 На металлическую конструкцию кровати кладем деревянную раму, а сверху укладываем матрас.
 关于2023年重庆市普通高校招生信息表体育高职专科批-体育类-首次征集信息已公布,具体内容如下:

--

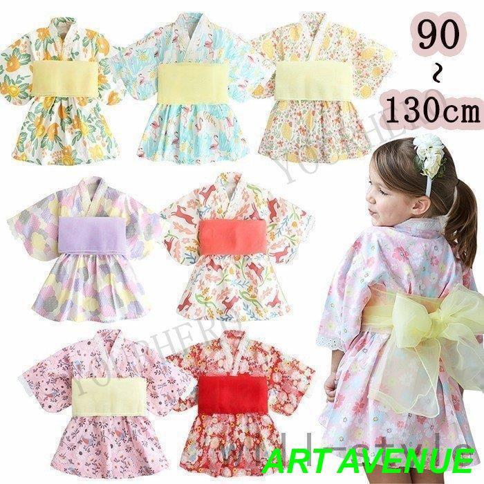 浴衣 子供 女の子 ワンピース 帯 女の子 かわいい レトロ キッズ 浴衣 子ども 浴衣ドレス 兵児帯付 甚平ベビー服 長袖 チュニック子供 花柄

...

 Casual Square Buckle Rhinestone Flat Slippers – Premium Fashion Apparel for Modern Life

**EXERCISE PROMPT**
Each line in the listing above from the one containing "На металлическую конструкцию" through the one containing "关于2023年重庆市普通高校" should be repeated exactly, and no other line.

**WRITTEN RESPONSE**
 На металлическую конструкцию кровати кладем деревянную раму, а сверху укладываем матрас.
 关于2023年重庆市普通高校招生信息表体育高职专科批-体育类-首次征集信息已公布,具体内容如下:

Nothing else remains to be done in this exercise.